You may have seen your termination looming on the horizon months ago, or it may have been triggered by a bad business quarter for your company. Either way, as of 5:00 p.m. today, or even one week from today, you will be out of a job.
Here's a step-by-step survival guide to getting through the first stressful hours, weeks and months that follow.
Step 1: Give yourself time to reflect on what you want to do
When you get fired, making quick decisions never ends well. For example, self-pity can rob you of your confidence and make you feel victimized and angered to the point of doing or saying something you will regret. Regardless of whether you are close to retirement or just starting your employment journey, you owe it to yourself to take stock of where your strengths lie and what you really enjoy.
Keep calm and decompress for 48 hours. Spend time with your family and friends who support you. Be honest with those you trust about what you are going through. You will be better able to focus on your next steps if you are honest versus offering a facade.
Step 2: Don't sign anything before talking to a lawyer
Never agree to terms offered verbally or in writing, however generous it may sound, without taking time to review it carefully — often with the guidance of a legal professional well-versed in employment law. Severance agreements are business negotiations, and you need to consider as many options as possible that your employer has missed or chosen to withhold.
Step 3: Control the message from your employers
By keeping a cool head, you can make a bad situation less difficult if your employer will vouch for your skills and professional credibility. Ask your employer how he or she will communicate your dismissal. Offer some actual wording to make your wishes clear. You want to avoid, "Effective immediately, Terry Brewer is no longer with ABC Inc."
Without embellishing or trying to "spin" the situation, aim for a message that portrays you in a more positive light, "Effective immediately, Terry Brewer is no longer with ABC Inc. We thank her for her various contributions to our organization and wish her success in her future endeavours." The employer isn't saying the termination was mutual, but doesn't portray her as the culprit.

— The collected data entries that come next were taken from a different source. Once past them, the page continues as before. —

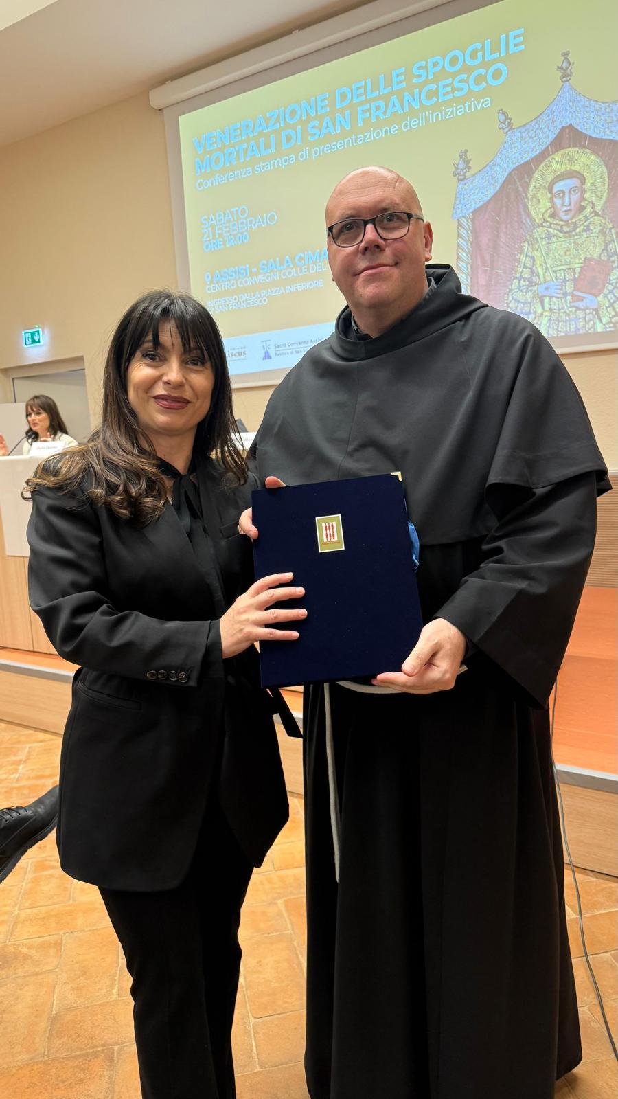 In un clima di profonda e palpabile commozione, la Presidente della Regione Umbria, Stefania Proietti, ha consegnato ufficialmente nelle mani del Custode del Sacro Convento, fra Marco Moroni, la legge regionale n. 1 del 2026, lo strumento legislativo che guiderà le celebrazioni in Umbria per l’ottocentenario della morte di San Francesco.
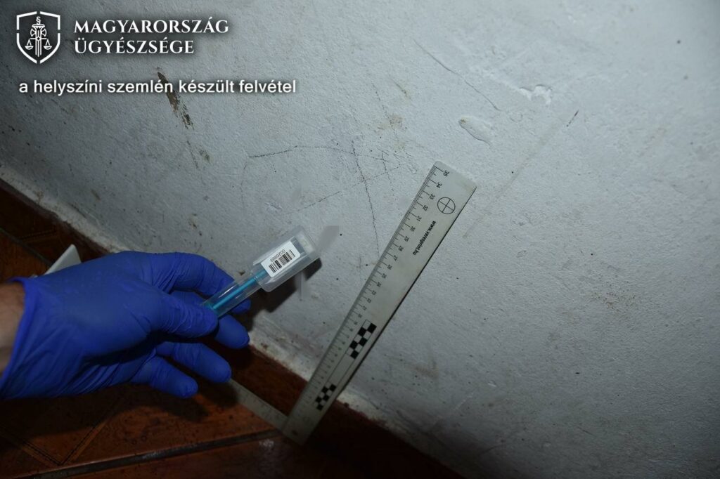 A rendőrségi fotón az elkövetés helyszínén történő nyomrögzítés látható.
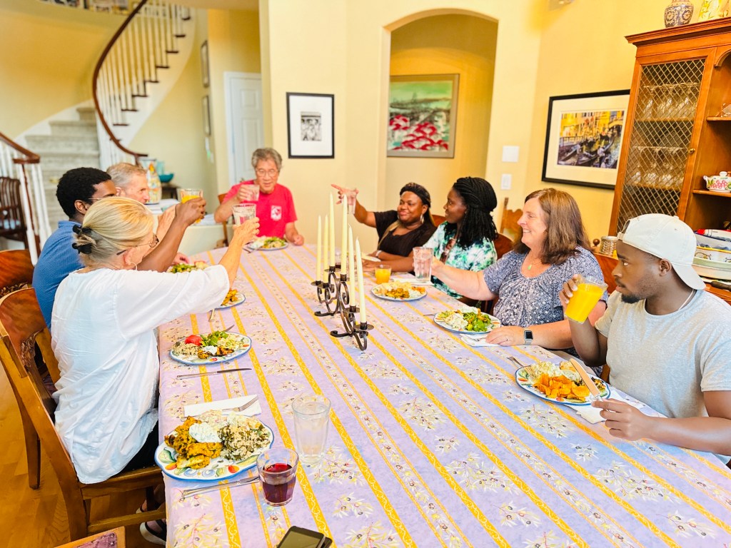 Jim and I cohosted a Mandela Fellows dinner tonight with Margie and Wes, combining our fellows, and even adding one to the social mix! We met at M&W’s house (good choice!), and each of us hosts contributed dishes. Excellent dinner, interesting conversation and a long and leisurely evening on a warm summer Monday!
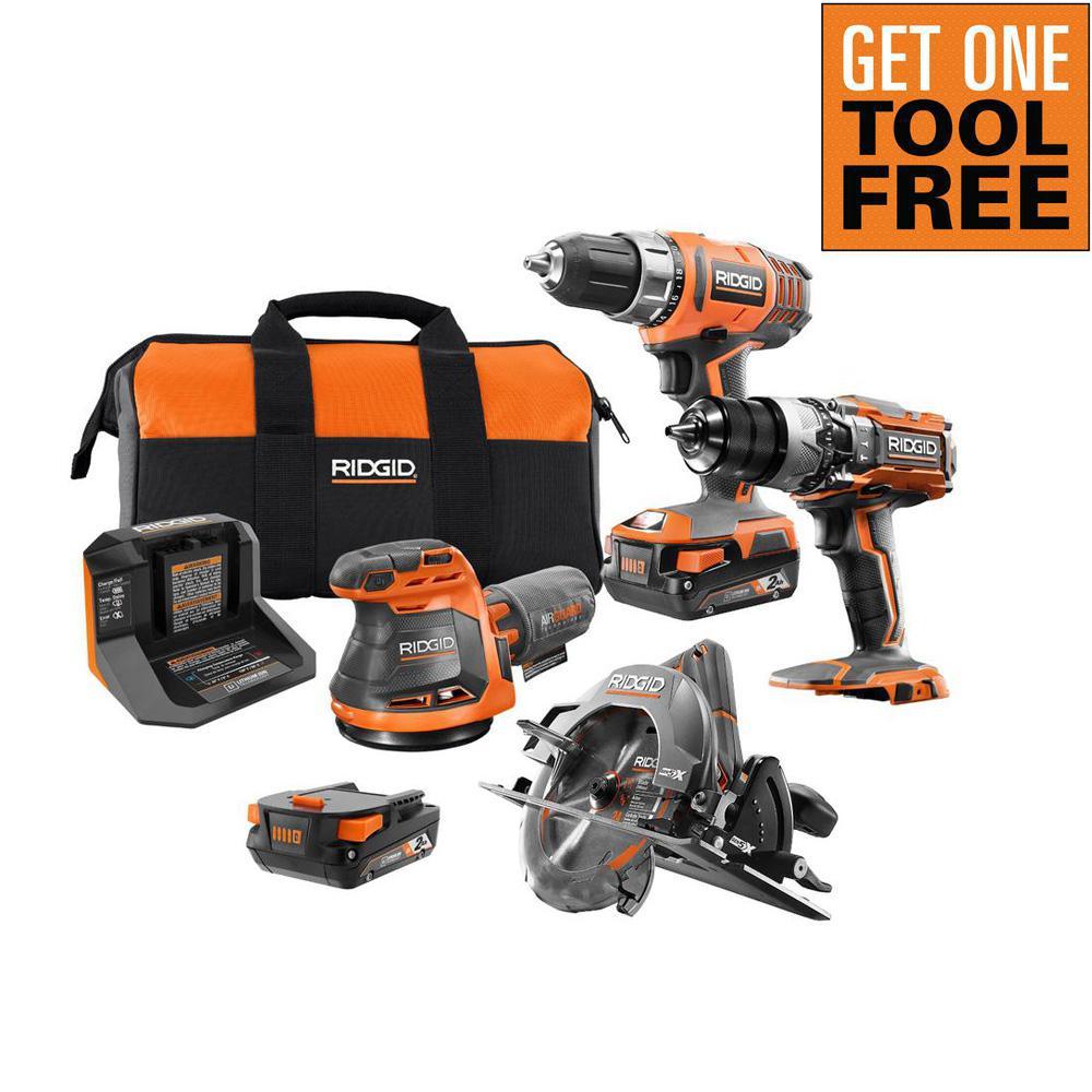 RIDGID introduces the 18V Lithium-Ion Cordless 3-Tool Combo Kit, (2) 2.0 Ah Lithium-Ion Batteries, Charger, Bag w/Hammer Drill/Driver. The 18V 2-Speed Drill/Driver Kit features all metal gears for added durability on the jobsite or at home. The 1/2 in. single sleeve ratcheting chuck holds bits tight and secure. Featuring innovative motor technology, the included sander maintains full speed and power under a heavy load. With a new ergonomic Hex Grip handle, this sander feels better than ever in your hand and runs for over 40 minutes on a 4.0 Ah Lithium-Ion Battery. With a 6-Speed variable speed dial this sander can run from 7,000-11,000 RPM. The 7-1/4 in. circular saw has an open frame motor that powers through the cut every time. The included 2.0 Ah batteries and charger are compatible with all RIDGID 18V Tools. The 18V Cordless 1/2 in. Hammer Drill/Driver provides Best-in-Class power, performance, and runtime. Backed by the Industry Leading Lifetime Service Agreement, this kit includes an 18V 1/2 in. Drill/Driver with a double-ended bit, an 18V 5 in. Random Orbit Sander with a dust bag, an 80 Grit Hook, a Loop Sandpaper, an 18V 7-1/4 in. Circular Saw with blade, two 2.0 Ah Lithium-Ion Batteries, an 18V Charger, an 18V 1/2 in Hammer Drill/Driver with belt hook, screw, and auxiliary handle, and operator's manuals.

Aim for a message that portrays you in a more positive light.
Step 4: File for Employment Insurance
Start your claim for Employment Insurance (EI) benefits quickly. It can take one week for your claim to enter the system and approximately one month after that for your first cheque to arrive.
Step 5: Ask for a reference, even if you left on less-than-ideal terms
Consider asking for a letter of reference. If your departure is not performance related and you are on good terms with your employer, they may ask you to draft a letter and sign it. Even if your departure was not friendly, you never know unless you ask.
Step 6: Offer to do an exit interview
You can make a positive personal brand statement as a collaborative professional with whom a connection needs to be maintained. An exit interview is not the time to "call out" managers and other employers who made life difficult. Try to be diplomatic, not damning, in an assessment of others. Offer an example of an instance where you felt badly treated or misled, but avoid dwelling on it. Make your point and keep the two-way conversation going.
Step 7: Get your elevator pitch ready
Regardless of who you are speaking with, you will need a response that positions you in a favourable light. "I'm between situations" does not offer any insight into your goals or value. But, "I am taking time to consider my next steps and looking at a number of options" shows a pragmatic approach. It also positions you as being receptive to new situations the person could present to you.
People ask or speculate among themselves, "Did he jump or was he pushed?" No need to offer a detailed explanation when this question is asked. But if someone asks if you were fired, consider a response similar to one you would offer to a friend when asked why a personal relationship ended: "We mutually agreed that things weren't working out and that I would move on. We parted on good terms."
Step 8: Find a temporary gig in another industry
Consider a temporary gig to keep money coming in, both for a change of pace and to keep your confidence up. Finding a new job in your industry may take longer than you planned. A temporary position will allow you to be more discerning rather than just jumping at the first job offer even though it sounds too good to be true (it probably is).
Step 9: Get a handle on your finances
Review your household and personal budgets and be prepared to cut back for weeks or even months. This may seem intuitive, but in your quest to a) make yourself feel better or b) optimism that you will find another job quickly, you may want to splurge on yourself to ease negative feelings. Wait until you have started another job and the three-month honeymoon period has passed before pulling out your favourite credit card.
You need to project your robust personal brand, not one that is tarnished or deflated.
Step 10: Stay positive
Now more than ever, you need to project your robust personal brand, not one that is tarnished or deflated.
You can't create a positive impression by being vindictive and emotional, regardless of how frustrated you may feel. Avoid bad-mouthing those whom you know (or suspect) engineered your firing and don't waste large amounts of precious creativity and time planning revenge. Even if you are planning legal action, do your best to remain objective and professional.